Perhaps you could save as OME-TIFF?

That would be a problem for our application; we would like to use pyvips on the original image.

jcupitt commented 9 months ago

pyvips seems to work otherwise with this image format

It's a plane-separated pyramid, unfortunately, so it won't work. It's to do with the way the reduced resolution levels are coded -- OME-TIFF (which libvips does support) puts the reduced res levels into subifds, but this QPI has them all one after the other, with the metadata about the file structure coded into the XML in the imagedescription.

Have a look at the tiffinfo output (and get a large mug of tea ready first).

idc9 commented 9 months ago

Does the fact that reading in the image twice throws an error not suggest there is an issue with pyvips?

jcupitt commented 9 months ago

That's just a minor symptom -- the cause is this TIFF file being way outside the supported range for any general purpose TIFF reader.

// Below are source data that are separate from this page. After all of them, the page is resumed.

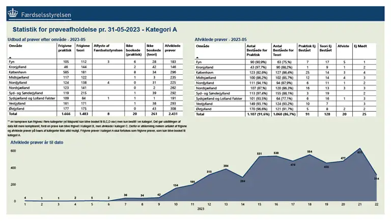 Her kan du se statistikker for hver måned over køreprøveafholdelse, geografisk, hvor mange prøver som er afholdt som planlagt, ikke fremmødt mv.
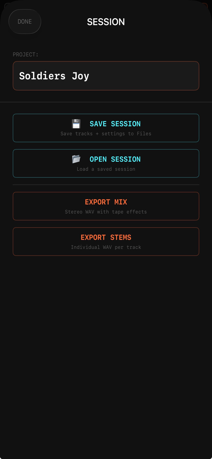 RollTape turns your iPhone into a four-track recorder. Lay down a rhythm, overdub a melody, add a harmony, stack a lead — all from your pocket.
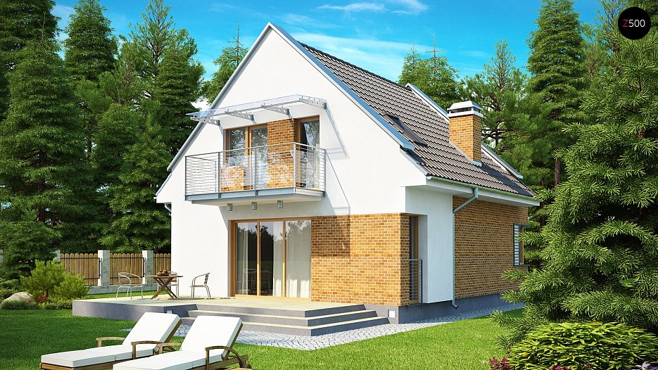 Tipski načrt manjše, lepe hiše z bivalno mansardo v modernem stilu
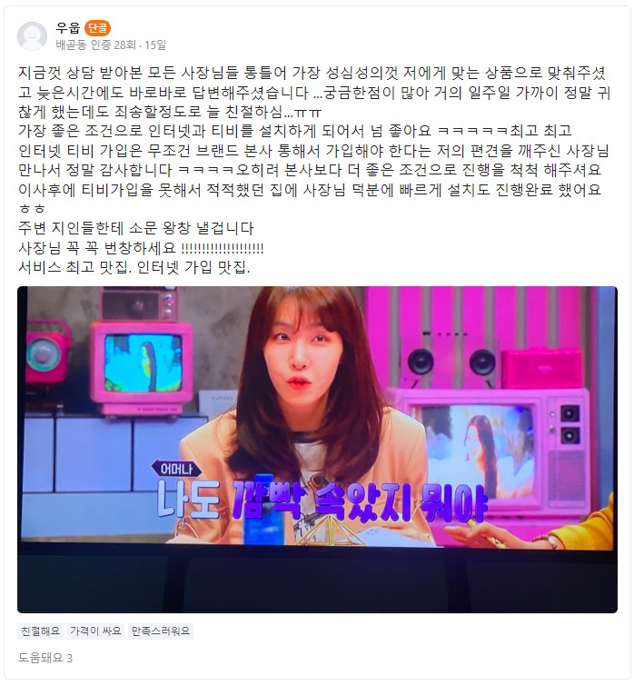 목록 글쓰기 생생! 다주다 실후기 모음 페이지 정보 작성자 다주다네트웍스 댓글 0건 조회 310회 작성일 23.05.26 본문 더욱 발전하는 다주다네트웍스가 되겠습니다!감사합니다 ^ㅡ^ 이전글 생생! 다주다 실후기 모음 23.05.27 목록 다음글 생생! 다주다 실후기 모음 23.05.26 댓글 0 댓글목록 등록된 댓글이 없습니다.

Options off the top of my head:

  1. You could probably read it with a low-level TIFF library, like tifffile, but getting a nice RGB image will take some work. Maybe a week's effort? It depends how much of the QPI format you want to support.
  2. I expect PE will sell you an SDK (I've not checked).
  3. The gold standard solution would be to add support for the format to openslide. That would be (guess?) several weeks of effort and you'd need a good C programmer.
  4. ... and of course, another option is to switch to a format that's not locked to a vendor, or a scanner manufacturer who don't attack their customers by forcing them to use a non-interoperable format. Most of the people I know are moving to wg26 DICOM now, perhaps PE support something like that? I've not looked.